NoteDefinition: Random Walk Matrix

Transition matrix \(\bP = \bA\bD^{-1}\) under the column-stochastic convention.

  • \(P_{ij} = w_{ij}/d_j\) is the probability of moving from \(j\) to \(i\).

  • Stationary Distribution: \(\boldsymbol{\pi}\) such that \(\bP\boldsymbol{\pi} = \boldsymbol{\pi}\). For undirected graphs, \(\pi_i = d_i / \sum d_j\).

WarningExercise
  1. Show that the columns of \(\bP=\bA\bD^{-1}\) sum to one.

  2. For the path graph \(1-2-3\), compute \(\bP\).

  3. Verify that \(\pi_i=d_i/\sum_j d_j\) satisfies \(\bP\boldsymbol{\pi}=\boldsymbol{\pi}\).
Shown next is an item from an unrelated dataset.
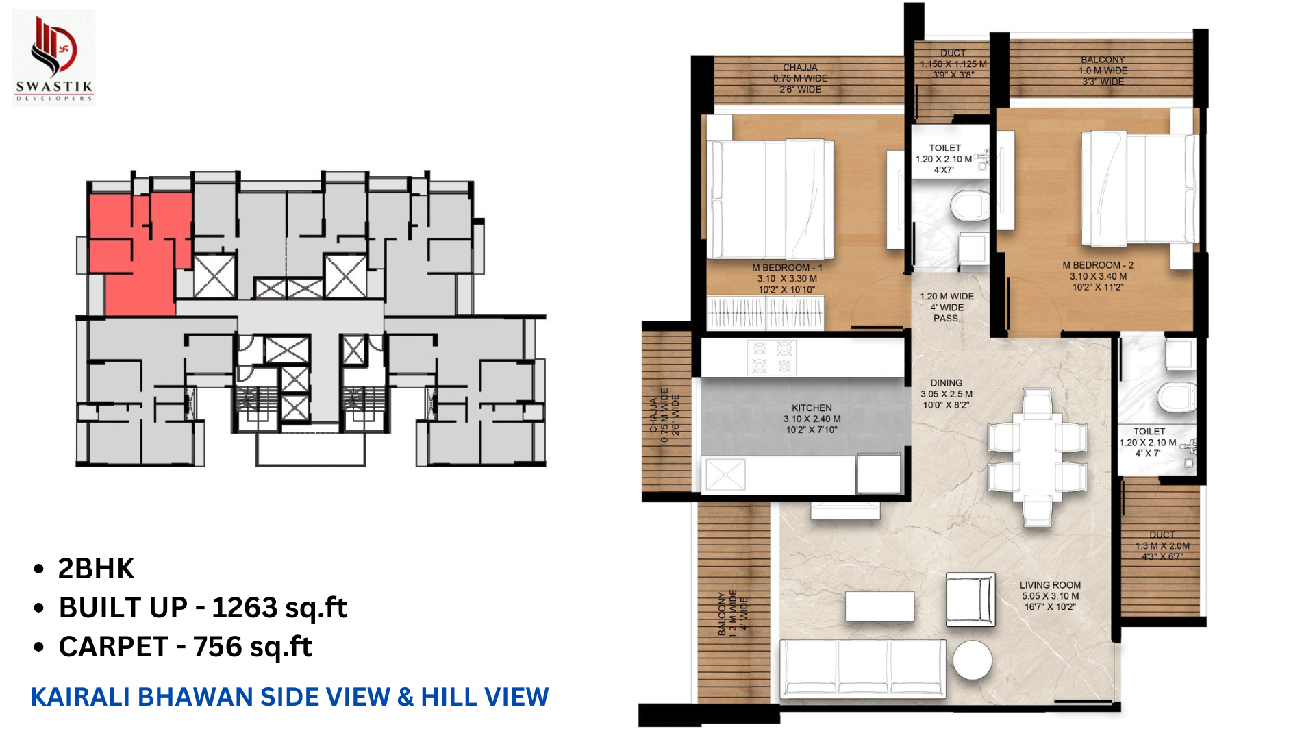 • 1263 Sq.Ft. Built-up Area

NoteDefinition: PageRank and Google Matrix

Models a random surfer on a directed web graph with teleportation: \[ \begin{align} \mathbf{G} = d \bS + \frac{1-d}{N} \mathbf{J}, \end{align} \]
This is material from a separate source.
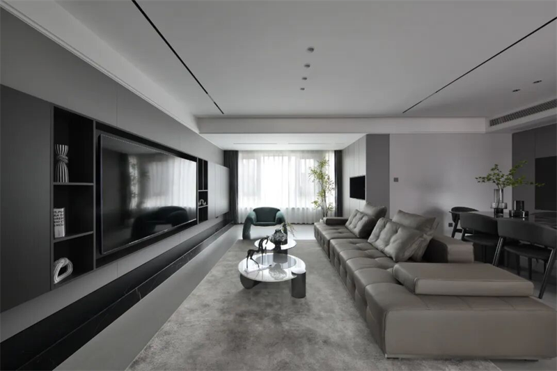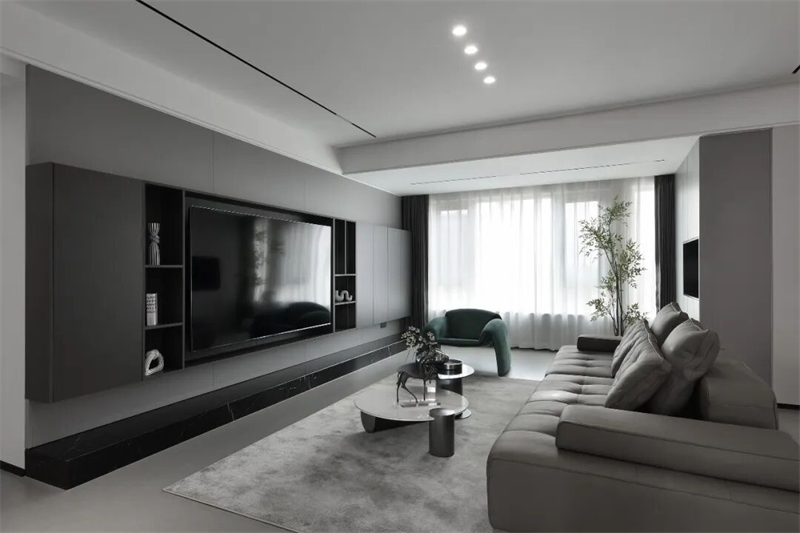 客厅以现代极简风格为基调,整体采用灰黑配色,营造出沉稳内敛的空间气质。电视背景墙采用整面定制柜体设计,深灰色哑光面板与开放式格架结合,嵌入式电视隐藏其中,视觉整洁统一。底部黑色大理石基座提升层次感,兼具装饰与收纳功能。

  • \(d\) is the damping factor (standard: 0.85).

  • \(\bS\) is column-stochastic and handles dangling nodes.

  • \(\mathbf{J}\) is the all-ones matrix (teleportation).
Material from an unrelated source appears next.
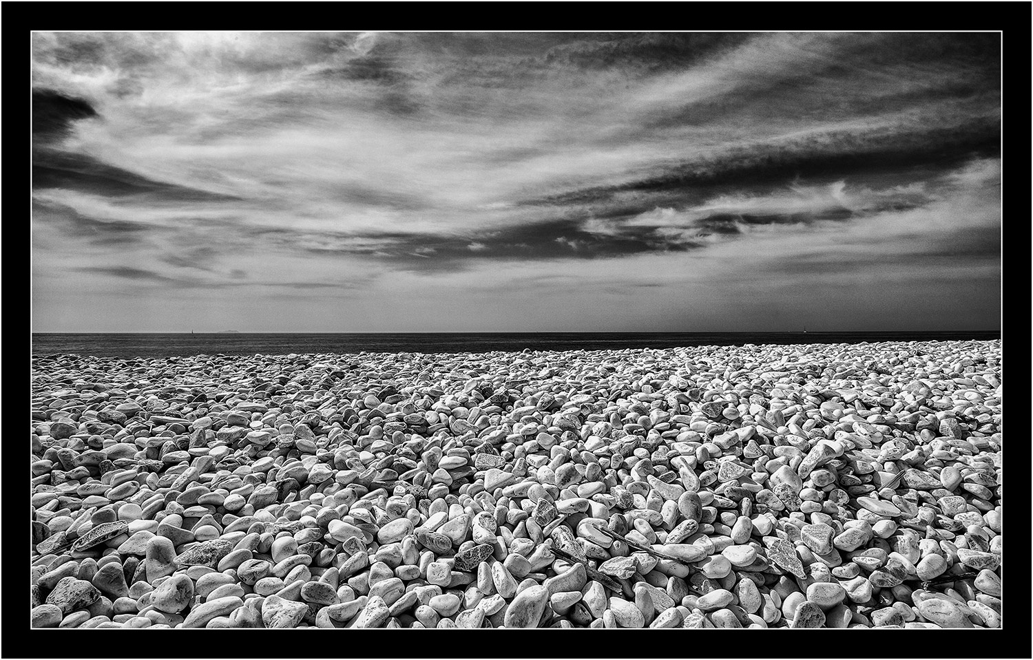 | VEDO...un'immagine senza tempo. Una distesa di sassi bianchi che insieme al cielo guida lo sguardo verso l'orizzonte marino,verso la meta. Vedo un'immagine che evoca la passione e vedo una barca all'orizzonte ,passione anch'essa ed un'isola . ASCOLTO...la musica dei ciottoli sotto i passi, il silenzio,il suono del vento e lo sciabordio ,dell'acqua, il click della fotocamera. Ascolto ciò che l'autore vuole raccontare con la sua visione, le sue parole profonde non pronunciate ma fatte immagine. RESPIRO...i pensieri e li unisco ai miei,struggenti per esser da troppo tempo lontana...dal quel mare,dal suo profumo,dalla sua voce,dal suo tocco leggero,dal suo sapermi trasportare oltre. AMO ...nell'apparente disordine dei sassi candidi troverne uno, al centro del frame, a forma di cuore ed allora amo anche che un minuscolo particolare voglia trasmettere idelamente tutto l'amore per il mare,qualunque mare,perchè in esso è racchiuso un sentire...antico, dolce e libero. Il B/N molto giusto per tutto ciò. Un'altra bella prova che scatena la mia fantasia che corre verso sponde lontane da me. Ciao Bruno che vive sul e CON il mare , Anna |

Computation: PageRank vector \(\mathbf{r}\) is the dominant eigenvector of \(\mathbf{G}\), computed via power iteration.

TipRemark

(Dangling nodes) A page with no outgoing links gives a zero column before normalization. The standard fix replaces that column by the uniform probability vector before forming \(\bS\).

30.4 Exercises

WarningExercise
  1. Construct \(\bL\) for a 3-vertex path graph. Find its eigenvalues by hand.

  2. Show that \(\bL \mathbf{1} = \bzero\) for any graph.

  3. Prove \(\bL\) is positive semidefinite using the quadratic form.

  4. Implement PageRank power iteration for a 10-node random graph.